Why "Valid Submission" survives but "Gold" collapses without File-as-Bus
This asymmetry is the most interesting finding of the ablation. A first minimally-working submission only requires the agent to produce any runnable pipeline — one good round of implementation is often enough, so losing durable state doesn't hurt much. Gold medals, by contrast, require dozens of iterative refinements where each round must build correctly on all the tuning, failed experiments, and metric history from previous rounds. That's exactly where a reliable artifact record becomes load-bearing: without it, the agent keeps re-deriving decisions it already made and loses signal about what has and hasn't been tried.

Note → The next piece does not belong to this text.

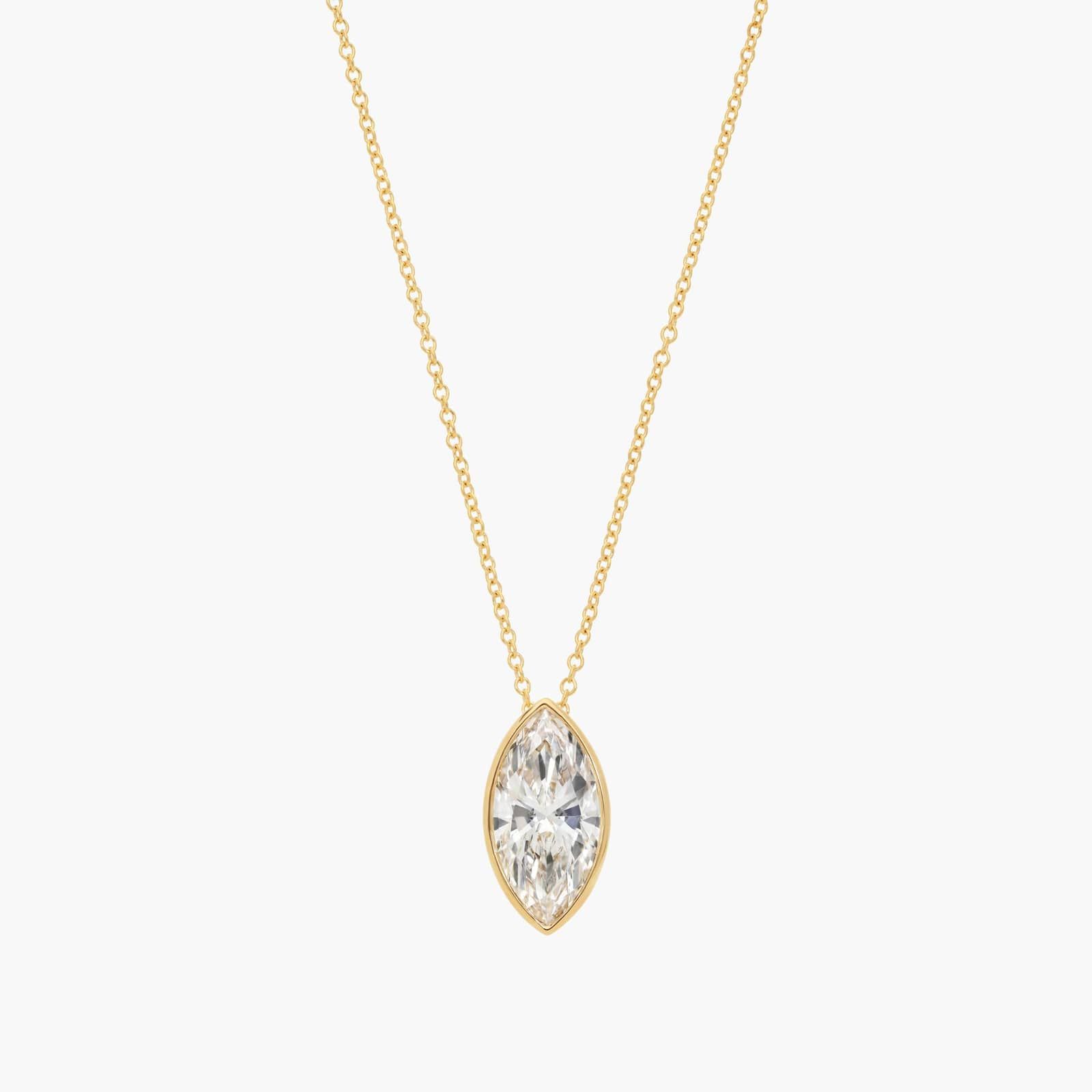 Bezel Solitaire Pendant Necklace With 3 CTW Marquise Cut Lab-Grown Diamonds in 14K Yellow Gold By James Allen

Product takeaway: if you're building a long-running AI agent and it plateaus after "first working version," suspect a state-continuity problem before suspecting the LLM.
6. Conclusion
Autonomous long-horizon ML research engineering is difficult because failures surface late, their causes are often confounded across interpretation, implementation, and infrastructure, and progress must remain coherent across repeated implementation–experimentation cycles. AiScientist reframes this as a systems problem — coordinating specialized work over durable project state — and demonstrates that the combination of hierarchical orchestration and File-as-Bus coordination yields substantial gains on both PaperBench and MLE-Bench Lite. We hope the thin control over thick state principle offers a useful lens for future long-horizon autonomous research systems.